* The data *
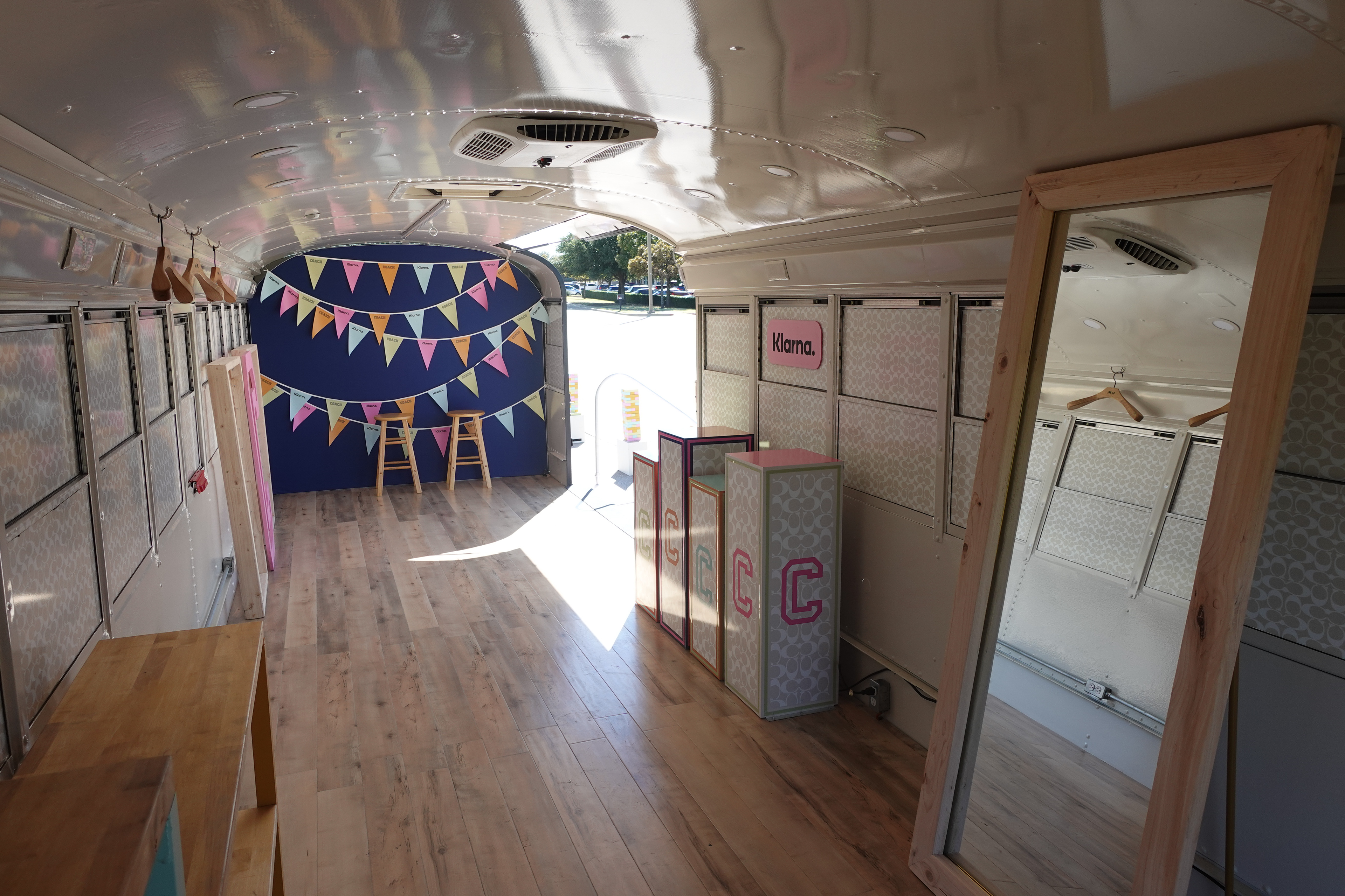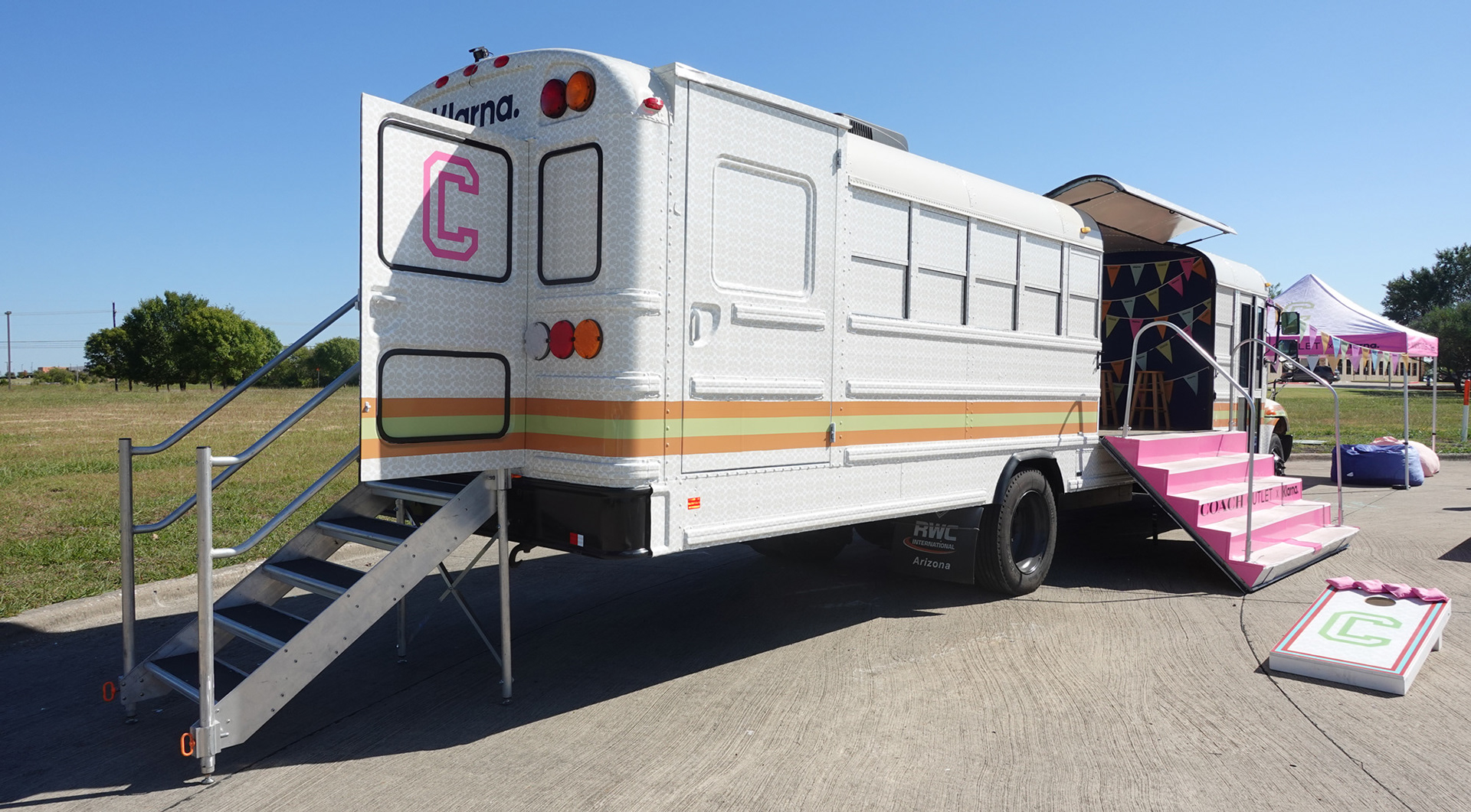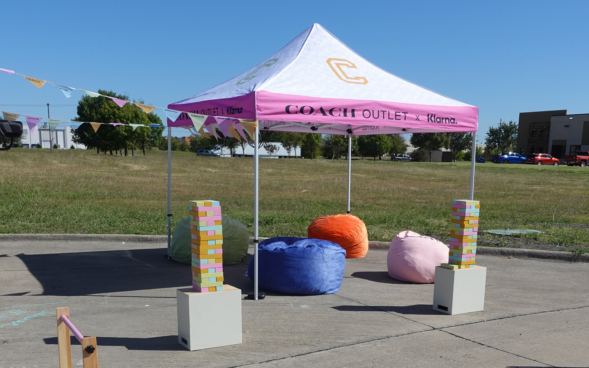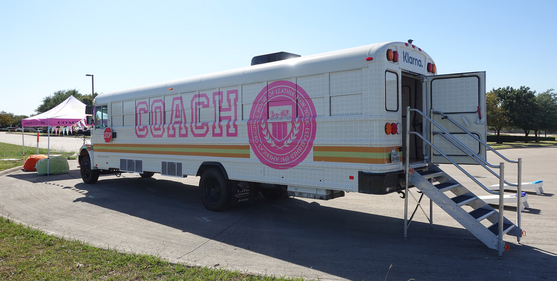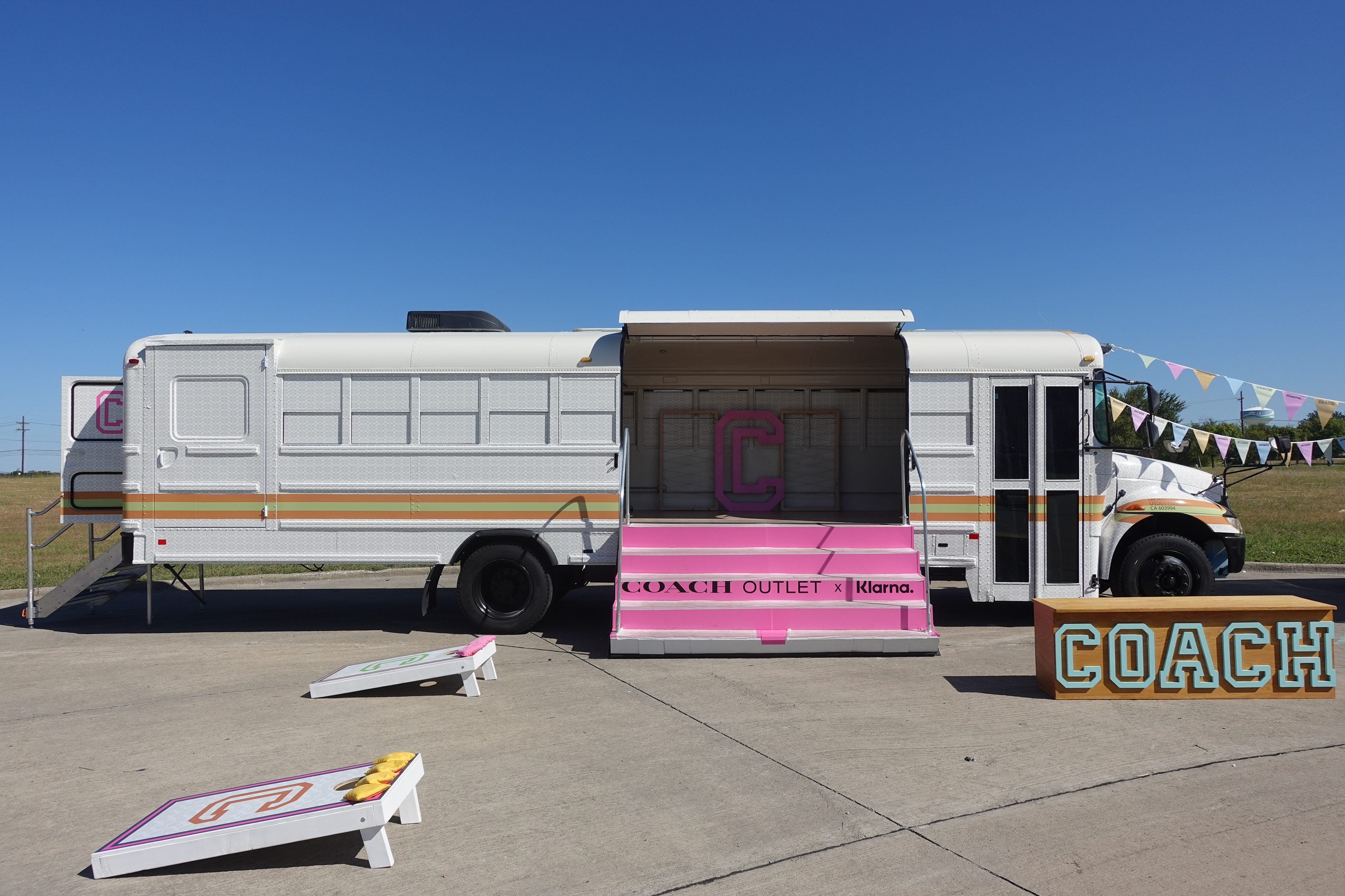 Design & file production for Coach x Klarna pop-up event featuring a wrapped school bus, tent, pillars, corn hole, & more. Note: there is production material on the tops of the pink steps that make the text appear uncentered, but it's not!
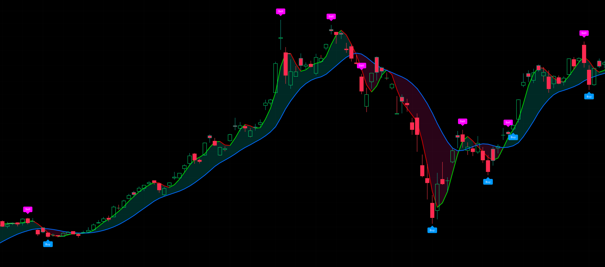 Alpha 在主图上同时显示两条动态量化通道,两条通道之间的填充区域直接告诉你当前的趋势格局。当小周期动能线运行在大周期基准线上方,两线之间填充绿色,代表趋势向上、上升通道成立;当小周期动能线跌破大周期基准线,填充转为深红色,代表趋势反转向下、下降通道成立。与此同时,小周期动能线本身的颜色也携带信息——绿色代表短期上涨动能,红色代表短期下跌动能。系统在关键高低点自动标出 Buy 和 Sell 信号。
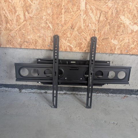 Samsung veggfeste til TV. Veggfestet er beregnet for montering av flatskjerm-TV på vegg. Det har justerbare vertikale og horisontale skinner med flere festehull for tilpasning til ulike VESA-mønstre. Egnet for større TV-er. Brukt på en 65 tommer, men kan brukes opp til 75 tommer. Gi bud!
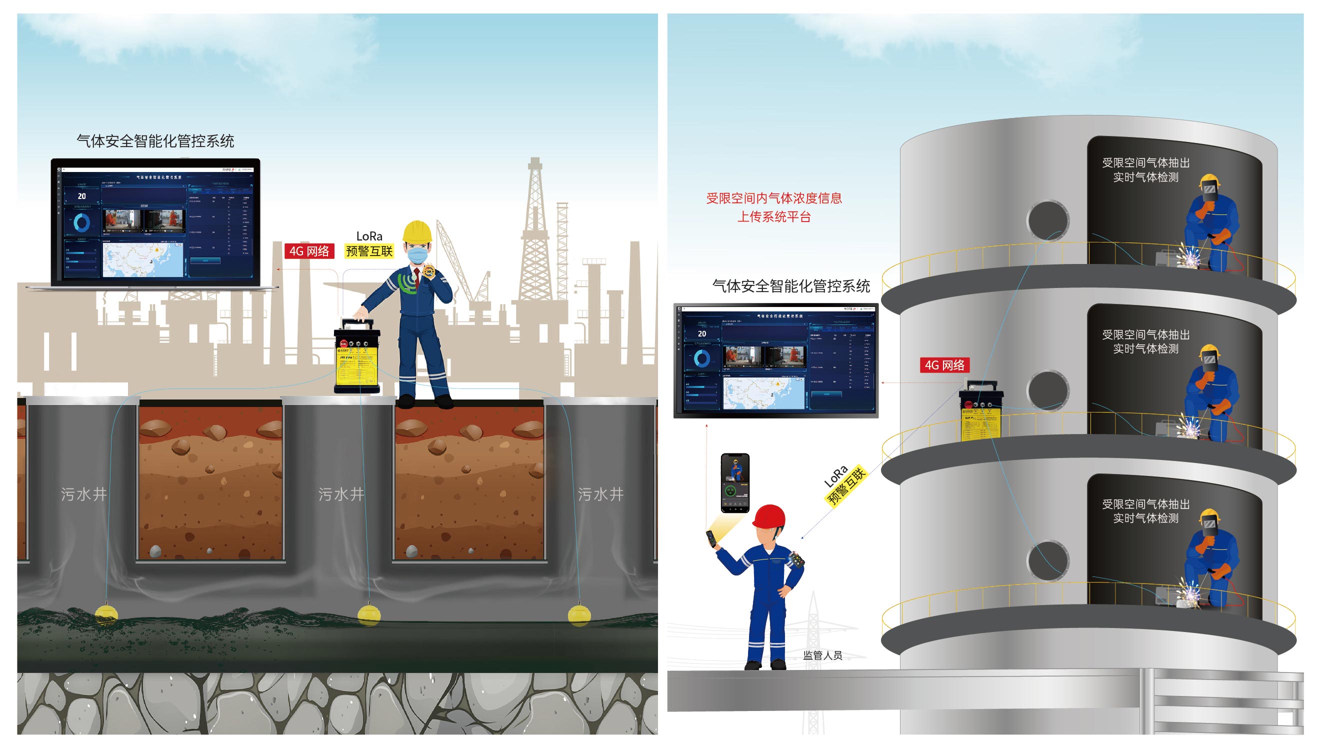 3、氣體濃度及預(yù)警信息4G上傳,彌補臨時作業(yè)氣體信息平臺監(jiān)管缺失;
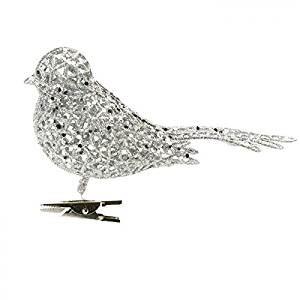 Silver Colour Glitter Bird with Clip Christmas Tree Decoration 15cm
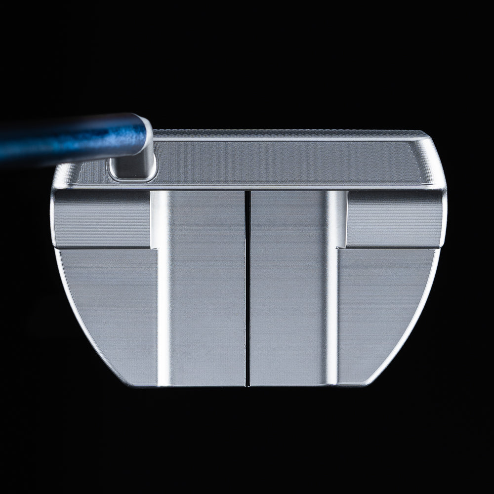 Unlike other mallet putters in the market today, this project made us think outside the box to figure out how to properly machine this style neck all in one piece without bending and polishing the neck or topline. Engineering the one-piece milled small slant neck that gives an unimpeded view of the ball from address was one of the most important aspects of this design. At nearly one shaft of offset, this configuration encourages toe flow in a low profile solid milled stainless mallet.
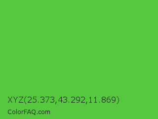XYZ 25.373,43.292,11.869 Color is a normal green color and the nearest color is Green RYB #66b032. Hex code #58c740 and RGB value is rgb(88,199,64). In RGB color space, this color is composed of 35% red, 78% green, 25% blue, In CMYK color space, this color is composed of 56% cyan, 0% magenta, 68% yellow , 22% black , In HSL color space, this color has a hue angle of 109° , 55% saturation and 52% lightness.
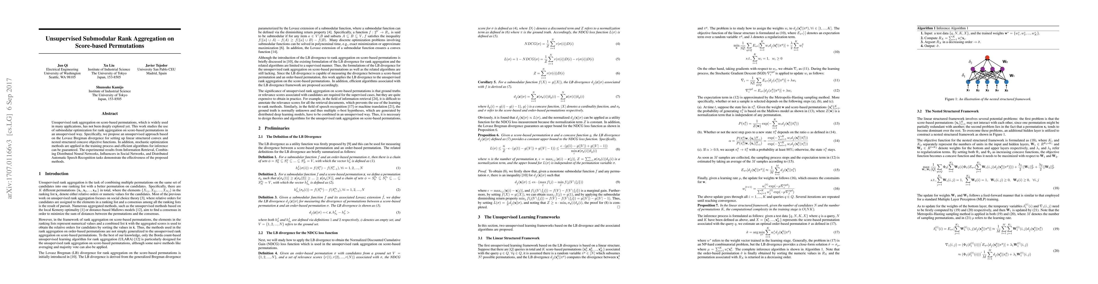This paper proposes an unsupervised submodular rank aggregation method for score-based permutations using Lovasz Bregman divergence, with linear and nested concave objective functions. Experimental results across various applications show the effectiveness of the proposed method.
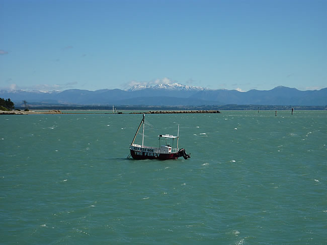 Farewell Spit to Foxton Beach, New ZealandWe stopped for lunch at Nelson with this magic view. As this area is well known for its seafood we tried their Blue Cod, Mussels and chips... YUM! If we had more time we could have booked a trip on 'The Ferry' (once an old crab boat) which cruises to Haulashore Island just out from Nelson or to the naturally formed Boulder Bank for a walk to the historic lighthouse. Maybe next time... Select the photo below to see our lunch spot. Previous |Album | Next |
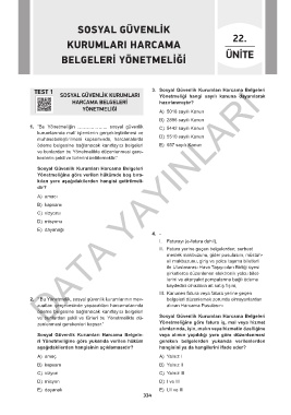 TEST 1 3. Sosyal Güvenlik Kurumları Harcama Belgeleri
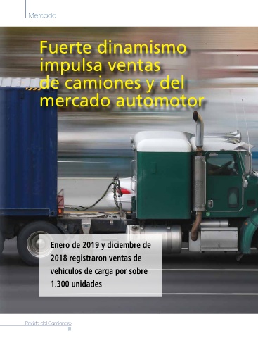 Mercado Fuerte dinamismo impulsa ventas de camiones y del mercado automotor Enero de 2019 y diciembre de 2018 registraron ventas de vehículos de carga por sobre 1.300 unidades Revista del Camionero 10
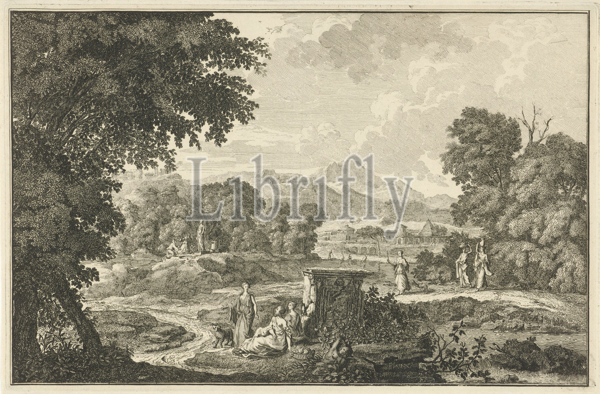 Arcadian landscape with six women near a tomb Italian and German landscapes (series title), Arcadian landscape with six women and a dog near a tomb. In the background two figures are kneeling in front of a statue. The print is part of a 40-part series of prints with representations of Italian and German landscapes, dog, landscapes with waters, waterscapes, seascapes (in the temperate zone), grave, tomb, statues, paintings, etc., objects of worship in Roman religion, Adolf van der Laan, Amsterdam, 1721 and/or 1710 - 1747, paper, etching, h 240 mm × w 367 mm
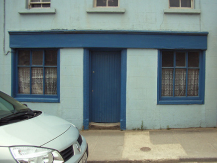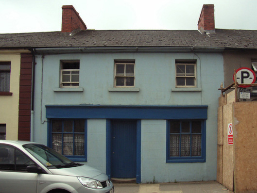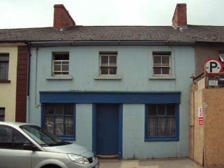 Terraced three-bay two-storey house, extant 1904, on a rectangular plan with shopfront to ground floor; two-bay two-storey rear (west) elevation. Now disused. Pitched fibre-cement slate roof with clay ridge tiles, red brick Running bond chimney stacks having stepped capping, and cast-iron rainwater goods on rendered eaves retaining cast-iron downpipe. Rendered, ruled and lined wall to front (east) elevation; part creeper- or ivy-covered rendered wall to rear (west) elevation. Shopfront to ground floor on a symmetrical plan centred on cut-granite surround having chamfered reveals framing timber boarded door. Square-headed window openings (first floor) with cut-granite sills, and concealed dressings framing two-over-two timber sash windows. Square-headed window openings to rear (west) elevation with cut-granite sills, and concealed dressings framing six-over-three timber sash windows having exposed sash boxes. Street fronted with concrete footpath to front.
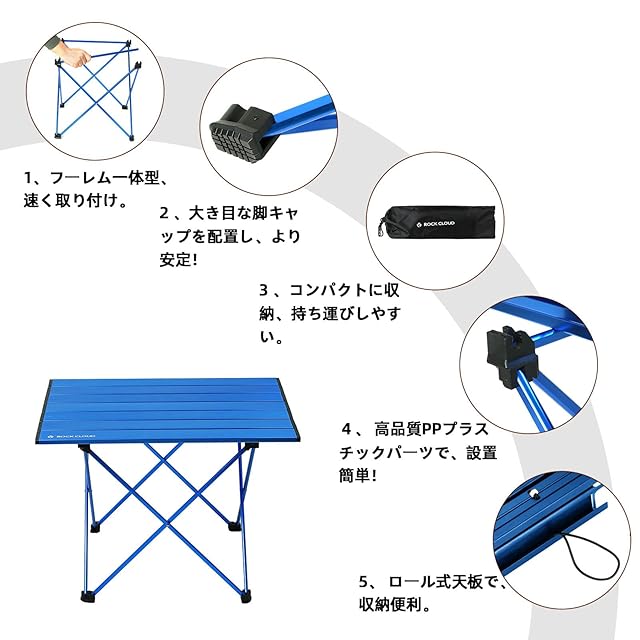 Rock Cloud キャンプテーブル 折りたたみ 41x56cm アルミ ロールテーブル コンパクト 超軽量 アウトドア 運動会 BBQ ハイキング ビーチ 収納袋付き
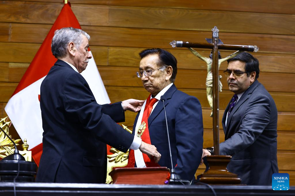 Jose Balcazar (C) receives the presidential sash at the Congress of the Republic of Peru, in Lima, Peru, on Feb. 18, 2026. Peru's Congress on Wednesday elected lawmaker Jose Balcazar as its new leader, who assumes the country's presidency under constitution. Balcazar was sworn in as Peruvian president shortly after the vote. His term will run through July 28, 2026, in accordance with the current presidential mandate. (Peru's Congress/Handout via Xinhua)

* What the task asks *
Where pictures sit among the data above, omit them, and output the rest exactly.

* Problem solution *
 Design & file production for Coach x Klarna pop-up event featuring a wrapped school bus, tent, pillars, corn hole, & more. Note: there is production material on the tops of the pink steps that make the text appear uncentered, but it's not!
 Alpha 在主图上同时显示两条动态量化通道,两条通道之间的填充区域直接告诉你当前的趋势格局。当小周期动能线运行在大周期基准线上方,两线之间填充绿色,代表趋势向上、上升通道成立;当小周期动能线跌破大周期基准线,填充转为深红色,代表趋势反转向下、下降通道成立。与此同时,小周期动能线本身的颜色也携带信息——绿色代表短期上涨动能,红色代表短期下跌动能。系统在关键高低点自动标出 Buy 和 Sell 信号。
 Samsung veggfeste til TV. Veggfestet er beregnet for montering av flatskjerm-TV på vegg. Det har justerbare vertikale og horisontale skinner med flere festehull for tilpasning til ulike VESA-mønstre. Egnet for større TV-er. Brukt på en 65 tommer, men kan brukes opp til 75 tommer. Gi bud!
 3、氣體濃度及預(yù)警信息4G上傳,彌補臨時作業(yè)氣體信息平臺監(jiān)管缺失;
 Silver Colour Glitter Bird with Clip Christmas Tree Decoration 15cm
 Unlike other mallet putters in the market today, this project made us think outside the box to figure out how to properly machine this style neck all in one piece without bending and polishing the neck or topline. Engineering the one-piece milled small slant neck that gives an unimpeded view of the ball from address was one of the most important aspects of this design. At nearly one shaft of offset, this configuration encourages toe flow in a low profile solid milled stainless mallet.
XYZ 25.373,43.292,11.869 Color is a normal green color and the nearest color is Green RYB #66b032. Hex code #58c740 and RGB value is rgb(88,199,64). In RGB color space, this color is composed of 35% red, 78% green, 25% blue, In CMYK color space, this color is composed of 56% cyan, 0% magenta, 68% yellow , 22% black , In HSL color space, this color has a hue angle of 109° , 55% saturation and 52% lightness.
This paper proposes an unsupervised submodular rank aggregation method for score-based permutations using Lovasz Bregman divergence, with linear and nested concave objective functions. Experimental results across various applications show the effectiveness of the proposed method.
 Farewell Spit to Foxton Beach, New ZealandWe stopped for lunch at Nelson with this magic view. As this area is well known for its seafood we tried their Blue Cod, Mussels and chips... YUM! If we had more time we could have booked a trip on 'The Ferry' (once an old crab boat) which cruises to Haulashore Island just out from Nelson or to the naturally formed Boulder Bank for a walk to the historic lighthouse. Maybe next time... Select the photo below to see our lunch spot. Previous |Album | Next |
 TEST 1 3. Sosyal Güvenlik Kurumları Harcama Belgeleri
 Mercado Fuerte dinamismo impulsa ventas de camiones y del mercado automotor Enero de 2019 y diciembre de 2018 registraron ventas de vehículos de carga por sobre 1.300 unidades Revista del Camionero 10
 Arcadian landscape with six women near a tomb Italian and German landscapes (series title), Arcadian landscape with six women and a dog near a tomb. In the background two figures are kneeling in front of a statue. The print is part of a 40-part series of prints with representations of Italian and German landscapes, dog, landscapes with waters, waterscapes, seascapes (in the temperate zone), grave, tomb, statues, paintings, etc., objects of worship in Roman religion, Adolf van der Laan, Amsterdam, 1721 and/or 1710 - 1747, paper, etching, h 240 mm × w 367 mm
 Terraced three-bay two-storey house, extant 1904, on a rectangular plan with shopfront to ground floor; two-bay two-storey rear (west) elevation. Now disused. Pitched fibre-cement slate roof with clay ridge tiles, red brick Running bond chimney stacks having stepped capping, and cast-iron rainwater goods on rendered eaves retaining cast-iron downpipe. Rendered, ruled and lined wall to front (east) elevation; part creeper- or ivy-covered rendered wall to rear (west) elevation. Shopfront to ground floor on a symmetrical plan centred on cut-granite surround having chamfered reveals framing timber boarded door. Square-headed window openings (first floor) with cut-granite sills, and concealed dressings framing two-over-two timber sash windows. Square-headed window openings to rear (west) elevation with cut-granite sills, and concealed dressings framing six-over-three timber sash windows having exposed sash boxes. Street fronted with concrete footpath to front.
 Rock Cloud キャンプテーブル 折りたたみ 41x56cm アルミ ロールテーブル コンパクト 超軽量 アウトドア 運動会 BBQ ハイキング ビーチ 収納袋付き
 Jose Balcazar (C) receives the presidential sash at the Congress of the Republic of Peru, in Lima, Peru, on Feb. 18, 2026. Peru's Congress on Wednesday elected lawmaker Jose Balcazar as its new leader, who assumes the country's presidency under constitution. Balcazar was sworn in as Peruvian president shortly after the vote. His term will run through July 28, 2026, in accordance with the current presidential mandate. (Peru's Congress/Handout via Xinhua)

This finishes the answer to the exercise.